3.5. Cloud Optical Thickness

[14] The cloud optical thickness is here derived using the Molecular Integration (MI) method starting from the lidar backscatter signal [Cadet et al., 2005]. Cloud optical thickness derived from lidar measurement is affected by the significant extinction of the lidar beam in its path through the medium, and in most situations, one must take into account multiple scattering. Some typical values of multiple scattering factor η, as given by Chen et al. [2002] are η = 0.58 for COT = 1 and η = 0.95 for COT = 0.1. Sassen and Comstock [2001] assume that the multiple scattering factor is of 0.9 for subvisible cirrus clouds, of 0.8 for relatively thick clouds, and of 0.6 to 0.7 for optically thick clouds. For this study, we consider Chen et al.'s [2002] parametric equation which accounted for a major part of the multiple scattering effect on the COT retrievals.

[15] A major upgrade of the Raman lidar occurred in 2004 which induced a significant improvement especially for the signal to noise ratio and so could have a strong impact on the cloud optical thickness retrievals. We decide to analysis separately the “old” and the “new” COT retrieval for the Raman lidar. The “old” (and the “new”) RL COT are larger than the MPL retrievals: 55% (40%) of clouds are thick (i.e., COT > 0.3) for RL and only 20% for MPL; 41% (53%) are semi-transparent clouds (i.e., 0.03 < COT < 0.3) for RL and almost 66% for MPL and finally 4% (7%) are subvisible clouds (i.e., COT < 0.03) for RL and 14% for MPL. These statistics are biased by the much better sensitivity of the Raman lidar to the lowest and optically thickest clouds (the RL pulse energy is 30000 times bigger than the MPL). However, the 2004 upgrade does not modulate significantly the ratio thick/subvisible/thin clouds although the signal to noise ratio is much better. For the clouds below 5 km high, the relative occurrence of the optically thick cloud reaches 80% 68%) for RL and only 40% for MPL, hence a difference of 40% (28%) against 35% (20%) for all clouds.

4. Conclusions

[16] This first study allows us to precisely quantify the agreement between two lidars in using only one algorithm named STRAT [Morille et al., 2007]. The major conclusions are:

[17] 1. The MPL has a limited range compared to the RL and this creates difficulties in the detection of high clouds, especially during daytime and summer periods: 2 km bias appeared for high cloud.

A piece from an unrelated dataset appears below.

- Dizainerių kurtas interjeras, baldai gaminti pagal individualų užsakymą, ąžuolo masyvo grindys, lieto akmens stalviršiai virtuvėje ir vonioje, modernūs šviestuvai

[18] 2. During the winter period, the shortwave cloud fraction compares well with the lidar method because it is likely dominated by low-level stratus, which is generally totally overcast, particularly in the morning hours. During the summer, the radiative flux analysis shows less cloud fraction because it is not sensitive to thin cirrus (optical thickness smaller than 0.15), which is more prevalent in the spring/summer months.

[19] 3. 50% of all clouds have a moderate cloud optical thickness (COT > 0.3) for Raman lidar against only 20% for micropulse lidar due to the lack of sensitivity for high altitude clouds.

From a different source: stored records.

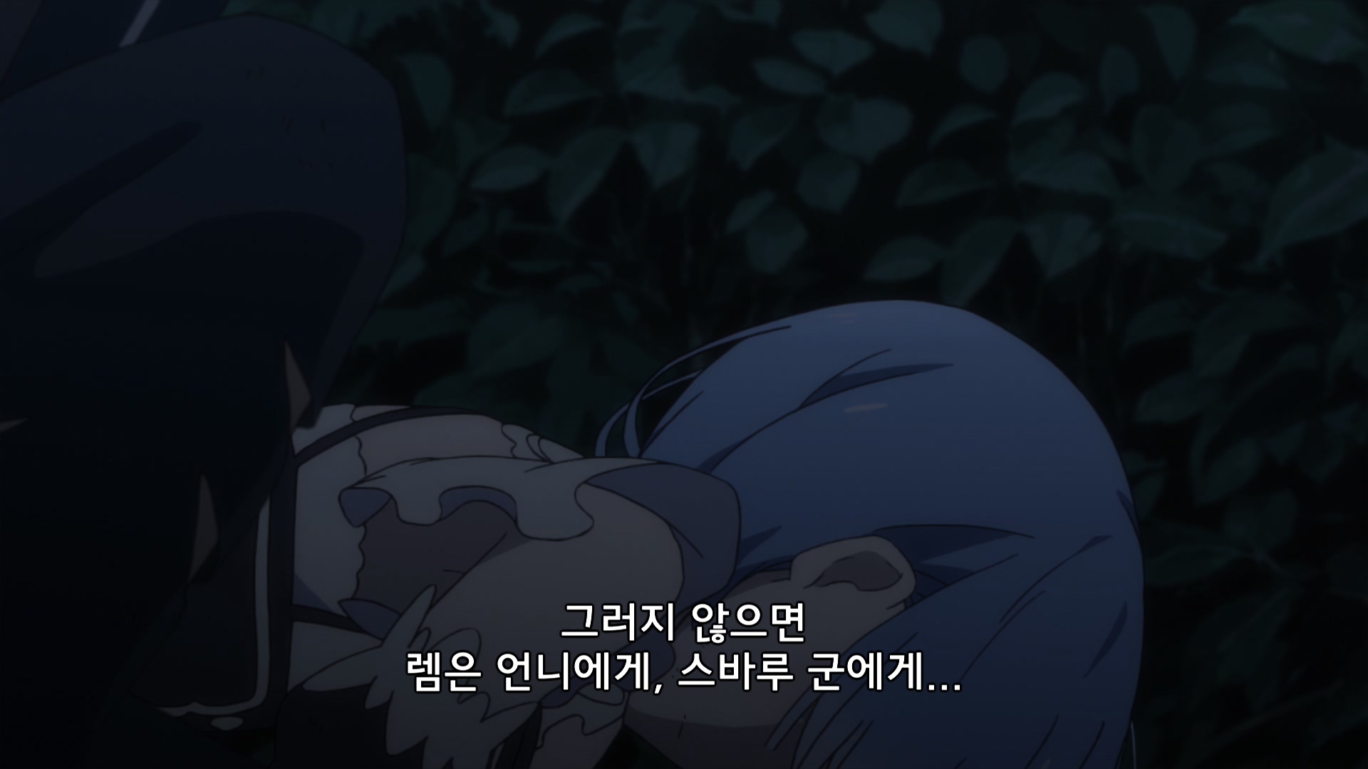 마수와의 전투에서 스바루는 무사하게도 치료를 받고 의식에서 깨어나게 되며, 베아트리스에게 스바루의 목숨이 얼마 남지 않았다는 것과 렘이 어디로 향했는지를 듣게 됩니다. 스바루를 위해 렘은 역시 각성한채로 싸우고 있었고 람과 스바루는 렘을 구하러 가게 됩니다. 렘을 구하는 데 성공하지만 마수의 양이 너무 많아 각성한 채로 싸움을 지속하여 힘을 모두 소모한 렘과 도깨비 뿔이 없어 힘이 약한 람이 뚫고 나갈 수 있는 양이 아니었고, 스바루는 자신을 미끼삼아 둘이 빠져나가는 계획을 세우고 그렇게 스바루가 시간을 벌어주는 와중 로즈월이 등장하여 일대를 정리하고 사건은 일단락 됩니다. 이후 렘과 스바루와의 유대가 깊어지고 '그 장면'이 나옵니다.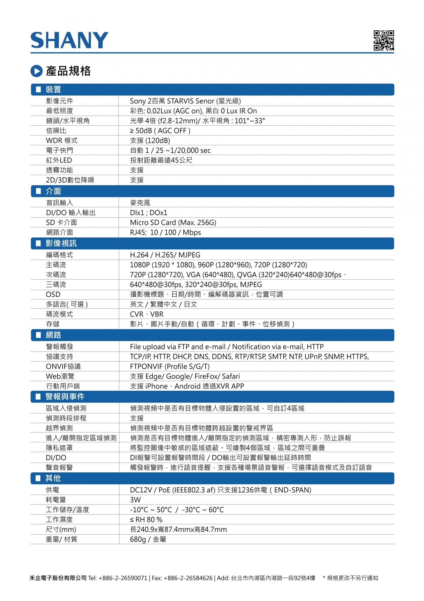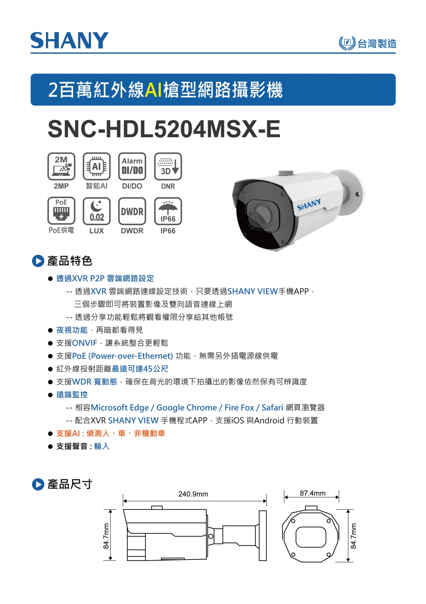 2百萬AI日夜全彩攝影機 (型號:SHC-VSL324S)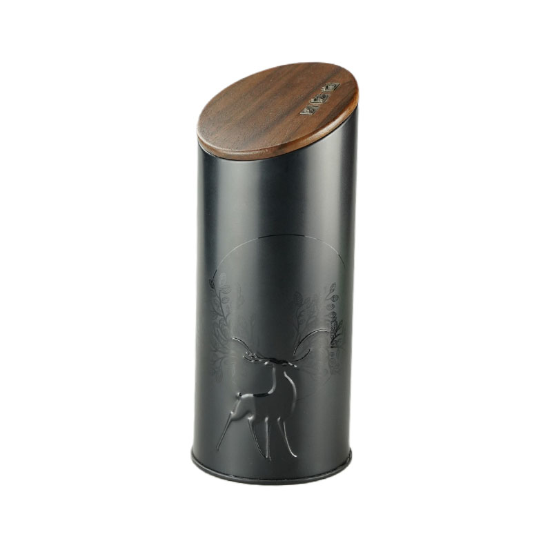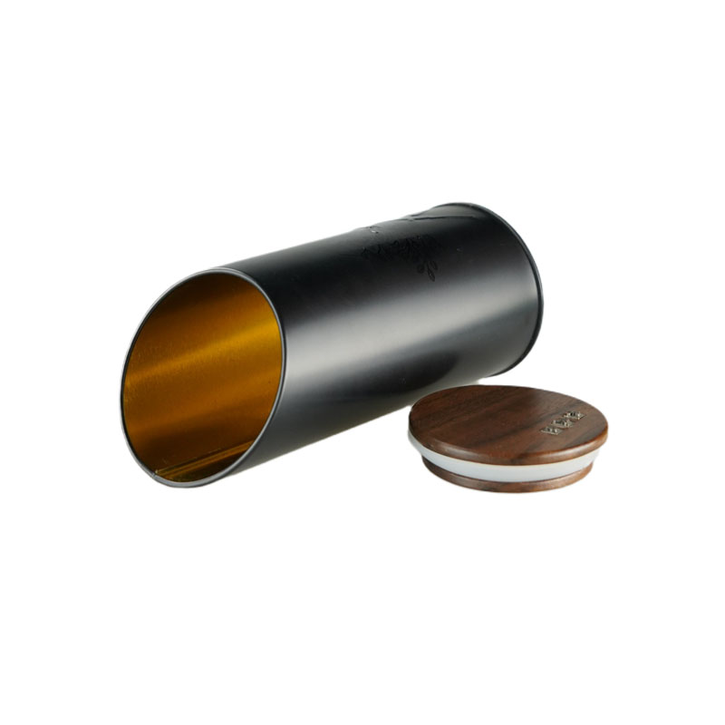 木蓋圓柱形茶葉鐵盒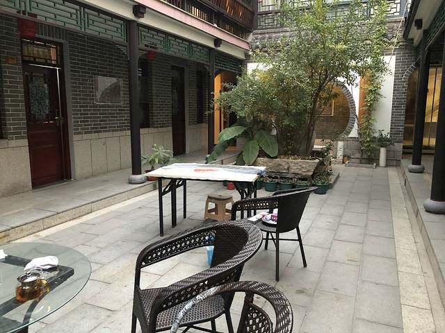 旅馆我们选择了济南宽和居四合院主题酒店,离大明湖的南门大概600多米,这是一个四合院式的旅馆,整洁干净,旅馆内有自己的小泉眼,喝水都是自己拿桶在泉眼处接泉水喝,老板还送了绿茶,让我们尝尝。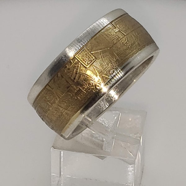 Aztec Mayan Calendar Silver Coin Ring Unique Aztec Sun Calendar Mayan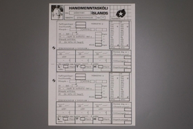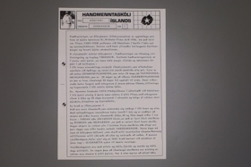 Handmenntaskóli Íslands var bréfaskóli sem starfræktur var 1981-1995. Skólastjórinn var Friðrik G. Friðriksson og við skólann kenndu margir kennarar en til að byrja með helst þeir Haukur Halldórsson og Einar Þorsteinn Ásgeirsson. Nemendur gátu skráð sig í fjölbreytt námskeið og fengu send verkefni í pósti. Þá sendu nemendur unnin verkefni til kennara skólans sem svo gerðu athugasemdir og sendu til baka til nemenda. Til að byrja var boðið upp á fjögur námskeið (teiknun 1. og 2. önn, skrautskrift og bótasaumur) en framboðið jókst með árunum. Í frumritum eru oft handteiknaðar myndir notaðar sem sýnidæmi eða skýringarmyndir.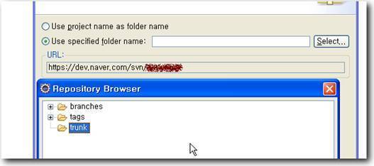 그래서 두번째 체크박스를 클릭해 타겟폴더를 trunk 밑으로 맞춘다.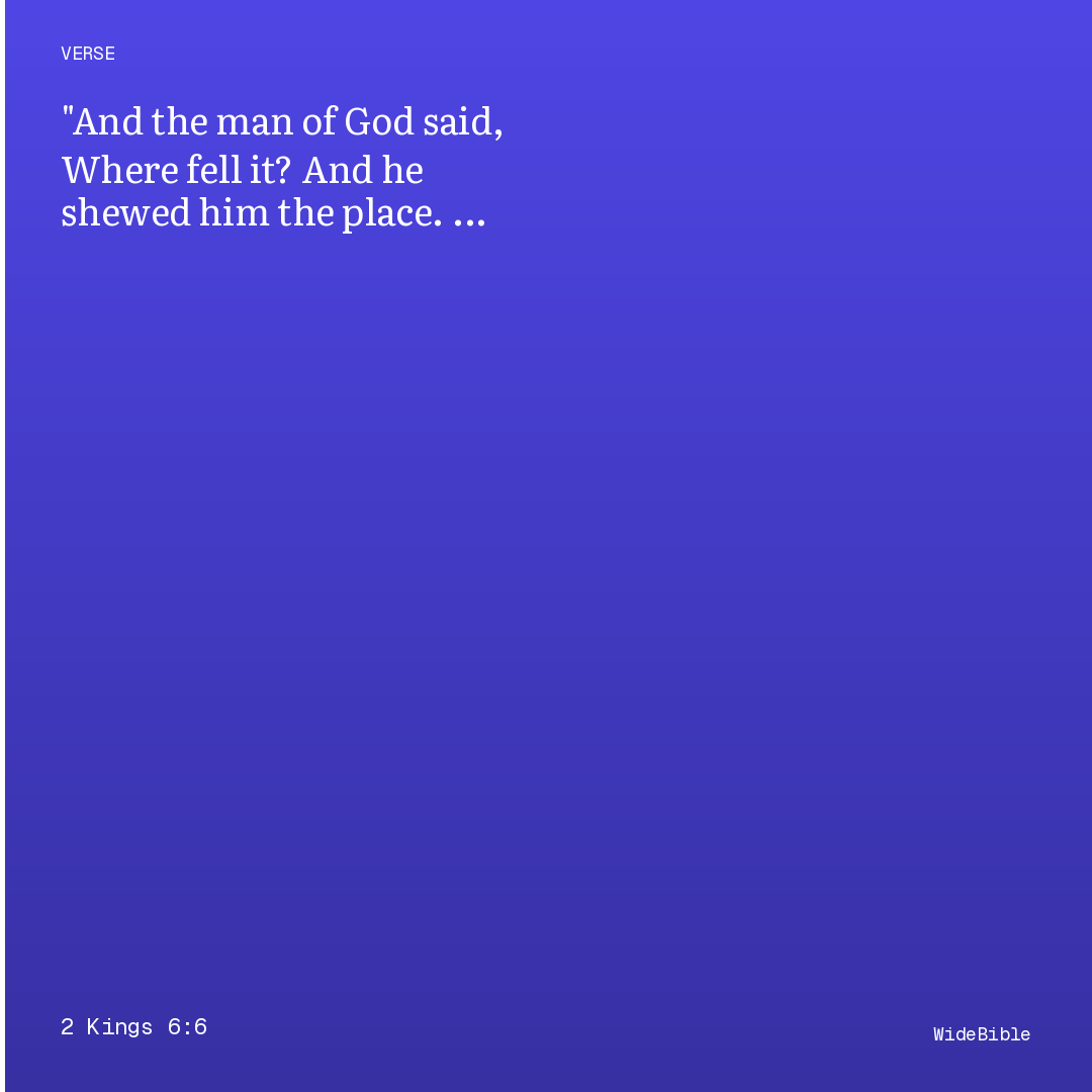 And the man of God said, Where did it go in? and when he saw the place where it had gone into the water, cutting a stick, he put it into the water, and the iron came up to the top of the water.

[20] Basically, users of ARM MPL data should be aware that during daylight hours the increased noise from solar scattering at the lidar wavelength in essence poses a significant limit on the height of clouds that can be detected. Thus one must exercise caution in using MPL-generated cloud statistics as “truth” especially for high cloud occurrence, as it will be underestimated.

[21] Future work consists in quantifying the cloud properties over ARM TWP and ARM NSA sites derived from MPL lidar and STRAT algorithm.

Acknowledgments

[22] The authors would like to thank the Centre National de la Recherche Scientifique (CNRS) and the Pacific Northwest National Laboratory (PNNL) for their support in this study. The authors from PNNL acknowledge the support of the Climate Change Research Division of the U.S. Department of Energy as part of the Atmospheric Radiation Measurement (ARM) and Atmospheric System Research (ASR) Programs. We extend our acknowledgments to the technical and computer staff of each observatory for taking the observations and making the data set easily accessible. The authors are grateful to the anonymous reviewers for their useful comments.

[23] The Editor would like to thank the two anonymous reviewers for their assistance in evaluating this paper.